Mi desesperada llamada quedó sin respuesta. ¿Qué hora era? Saqué mi reloj, pero no tenía cerillas. Oí el leve tic–tac de la pequeña pieza mecánica con una desconocida y extraña alegría. Parecía estar viva. Me encontraba menos solo. ¡Qué misterio! Caminé de nuevo como un ciego, tocando las paredes con mi bastón, levantando los ojos al cielo, esperando que por fin llegara el día; pero el espacio estaba negro, completamente negro, más profundamente negro que la ciudad.
¿Qué hora podía ser? Me parecía caminar desde hacía un tiempo infinito pues mis piernas desfallecían, mi pecho jadeaba y sentía un hambre horrible.
Me decidí a llamar a la primera cochera. Toqué el timbre de cobre, que sonó en toda la casa; sonó de una forma extraña, como si este ruido vibrante fuera el único del edificio. Esperé. No contestó nadie. No abrieron la puerta. Llamé de nuevo; esperé… Nada.
Tuve miedo. Corrí a la casa siguiente, e hice sonar veinte veces el timbre en el oscuro pasillo donde debía dormir el portero. Pero no se despertó, y fui más lejos, tirando con todas mis fuerzas de las anillas o apretando los timbres, golpeando con mis pies, con mi bastón o mis manos todas las puertas obstinadamente cerradas.
Y de pronto, vi que había llegado al mercado de Les Halles. Estaba desierto, no se oía un ruido, ni un movimiento, ni un vehículo, ni un hombre, ni un manojo de verduras o flores. Estaba vacío, inmóvil, abandonado, muerto.

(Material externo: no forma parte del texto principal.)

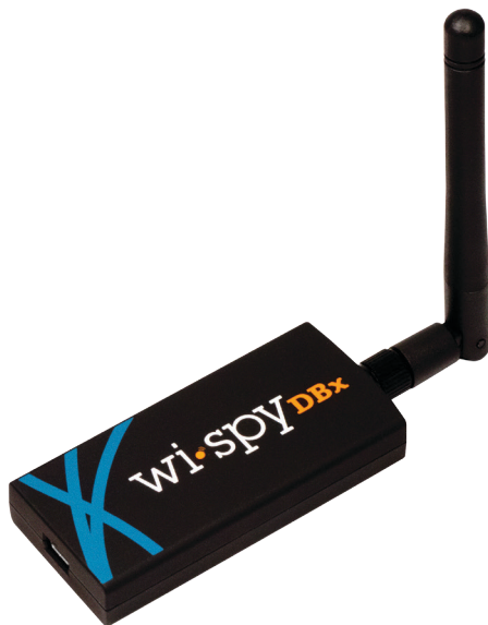
Wi-Spy DBx 2.4 & 5 GHz

Un espantoso terror se apoderó de mí. ¿Qué sucedía? ¡Oh Dios mío! ¿qué sucedía?
Me marché. Pero, ¿y la hora? ¿y la hora? ¿quién me diría la hora?
Ningún reloj sonaba en los campanarios o en los monumentos. Pensé: «Voy a abrir el cristal de mi reloj y tocaré la aguja con mis dedos.» Saqué el reloj… ya no sonaba… se había parado. Ya no quedaba nada, nada, ni siquiera un estremecimiento en la ciudad, ni un resplandor, ni la vibración de un sonido en el aire. Nada. Nada más. Ni tan siquiera el rodar lejano de un coche, nada.
Me encontraba en los muelles, y un frío glacial subía del río.
¿Corría aún el Sena?
Quise saberlo, encontré la escalera, bajé… No oía la corriente bajo los arcos del puente… Unos escalones más… luego la arena… el fango… y el agua… hundí mi brazo, el agua corría, corría, fría, fría, fría… casi helada… casi detenida… casi muerta.
Y sentí que ya nunca tendría fuerzas para volver a subir… y que iba a morir allí abajo… yo también, de hambre, de cansancio, y de frío.